* Work required:
Copy out the full set of records. Keep every word the same.

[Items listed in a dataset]

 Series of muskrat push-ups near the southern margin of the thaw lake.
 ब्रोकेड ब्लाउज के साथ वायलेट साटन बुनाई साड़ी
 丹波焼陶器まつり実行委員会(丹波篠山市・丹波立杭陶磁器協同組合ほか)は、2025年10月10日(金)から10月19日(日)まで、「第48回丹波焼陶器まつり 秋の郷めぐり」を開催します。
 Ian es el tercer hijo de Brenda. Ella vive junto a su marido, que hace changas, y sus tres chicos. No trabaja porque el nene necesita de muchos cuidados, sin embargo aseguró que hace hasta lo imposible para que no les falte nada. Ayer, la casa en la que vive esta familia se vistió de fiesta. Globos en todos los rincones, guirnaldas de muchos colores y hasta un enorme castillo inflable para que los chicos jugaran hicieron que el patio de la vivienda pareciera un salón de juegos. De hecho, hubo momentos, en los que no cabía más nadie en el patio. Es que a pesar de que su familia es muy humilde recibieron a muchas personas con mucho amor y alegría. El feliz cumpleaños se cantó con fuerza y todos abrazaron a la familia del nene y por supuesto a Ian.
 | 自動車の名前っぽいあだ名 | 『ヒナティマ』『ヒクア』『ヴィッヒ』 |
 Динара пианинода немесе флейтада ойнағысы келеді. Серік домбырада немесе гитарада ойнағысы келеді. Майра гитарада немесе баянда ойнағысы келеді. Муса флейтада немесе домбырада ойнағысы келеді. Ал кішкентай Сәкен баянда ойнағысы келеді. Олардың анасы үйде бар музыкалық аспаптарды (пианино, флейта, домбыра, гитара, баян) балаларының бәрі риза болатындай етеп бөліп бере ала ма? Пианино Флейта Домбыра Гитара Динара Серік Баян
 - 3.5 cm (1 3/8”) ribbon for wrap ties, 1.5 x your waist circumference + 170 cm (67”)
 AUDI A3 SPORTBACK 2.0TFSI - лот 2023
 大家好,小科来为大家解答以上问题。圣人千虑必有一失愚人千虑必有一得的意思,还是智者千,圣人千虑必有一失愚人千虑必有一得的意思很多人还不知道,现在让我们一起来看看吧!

* Task result:
 Series of muskrat push-ups near the southern margin of the thaw lake.
 ब्रोकेड ब्लाउज के साथ वायलेट साटन बुनाई साड़ी
 丹波焼陶器まつり実行委員会(丹波篠山市・丹波立杭陶磁器協同組合ほか)は、2025年10月10日(金)から10月19日(日)まで、「第48回丹波焼陶器まつり 秋の郷めぐり」を開催します。
 Ian es el tercer hijo de Brenda. Ella vive junto a su marido, que hace changas, y sus tres chicos. No trabaja porque el nene necesita de muchos cuidados, sin embargo aseguró que hace hasta lo imposible para que no les falte nada. Ayer, la casa en la que vive esta familia se vistió de fiesta. Globos en todos los rincones, guirnaldas de muchos colores y hasta un enorme castillo inflable para que los chicos jugaran hicieron que el patio de la vivienda pareciera un salón de juegos. De hecho, hubo momentos, en los que no cabía más nadie en el patio. Es que a pesar de que su familia es muy humilde recibieron a muchas personas con mucho amor y alegría. El feliz cumpleaños se cantó con fuerza y todos abrazaron a la familia del nene y por supuesto a Ian.
 | 自動車の名前っぽいあだ名 | 『ヒナティマ』『ヒクア』『ヴィッヒ』 |
 Динара пианинода немесе флейтада ойнағысы келеді. Серік домбырада немесе гитарада ойнағысы келеді. Майра гитарада немесе баянда ойнағысы келеді. Муса флейтада немесе домбырада ойнағысы келеді. Ал кішкентай Сәкен баянда ойнағысы келеді. Олардың анасы үйде бар музыкалық аспаптарды (пианино, флейта, домбыра, гитара, баян) балаларының бәрі риза болатындай етеп бөліп бере ала ма? Пианино Флейта Домбыра Гитара Динара Серік Баян
 - 3.5 cm (1 3/8”) ribbon for wrap ties, 1.5 x your waist circumference + 170 cm (67”)
 AUDI A3 SPORTBACK 2.0TFSI - лот 2023
 大家好,小科来为大家解答以上问题。圣人千虑必有一失愚人千虑必有一得的意思,还是智者千,圣人千虑必有一失愚人千虑必有一得的意思很多人还不知道,现在让我们一起来看看吧!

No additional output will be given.